Transparentalité
La transparentalité est un type familial dans lequel au moins un des parents est transgenre.
DĂ©finition
Elisabetta Ruspini définit la transparentalité comme une « situation familiale où l’un ou l’autre des parents a réalisé ou est en train de réaliser la transition d’un sexe vers un autre »[1] - [2]. Laurence Hérault la définit à partir des « familles où l’un des parents au moins est une personne transgenre »[3].
C’est un terme encore marginal donc très peu de recherche sont faites sur ce sujet. Pour beaucoup de personne trans, la parentalité est un gros enjeu, selon une étude 49% des participants trans sont parent avant la transition et 14% souhaite le devenir après[2].
Enjeux
Les enjeux portent sur l'éducation, la procréation et la structure hétéronormative de la famille[4].
L’étude réalisée par Petra de Sutter en 2014 auprès de personnes trans démontre que la situation de transparentalité n’influence pas négativement le développement d’un enfant. Il n’y a aucune constatation de trouble au niveau du développement sexuel ou de l’identité de genre des enfants issues de ces familles[2]. Les enfants ont la capacité de comprendre la transition vécue par leur parent et de s’ajuster à ce changement puisqu’ils sont curieux et ouverts d’esprit.
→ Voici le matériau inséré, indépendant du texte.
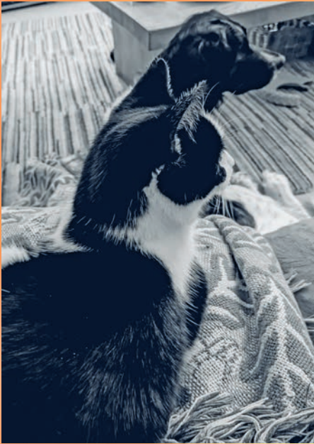
'People at Scargill can be really silly, can't they?' 'Yes. Best not to laugh, it only encourages them.'

Dans plusieurs cas, les parents sont réticents à partager leur nouvelle identité à leurs enfants par peur de les perturber mais il arrive que les jeunes provoquent des situations où le parent peut s’affirmer librement et où une discussion peut se produire avec l’enfant comme dans le cas de la fille de Maryse une participante à l’enquête de Alain Giami, qui avait demandé à Maryse de lui montrer son apparence féminine alors qu’elle prenait une présentation physique masculine devant sa fille suite à un accord avec son ex-femme[3]. Le gouvernement du Canada reconnait officiellement la transparentalité sur son site officiel[5]. Ce faisant, on reconnait cette réalité ce qui aide les membres de la communauté trans qui souhaitent devenir parent ou qui le sont déjà en leur offrant une plateforme pour parler de leur réalité. Ce mot sert aussi à faire reconnaitre les droits des personnes trans et combat la discrimination envers les parents trans basée sur le préjugé que la transparentalité affecte le développement de l’enfant[6].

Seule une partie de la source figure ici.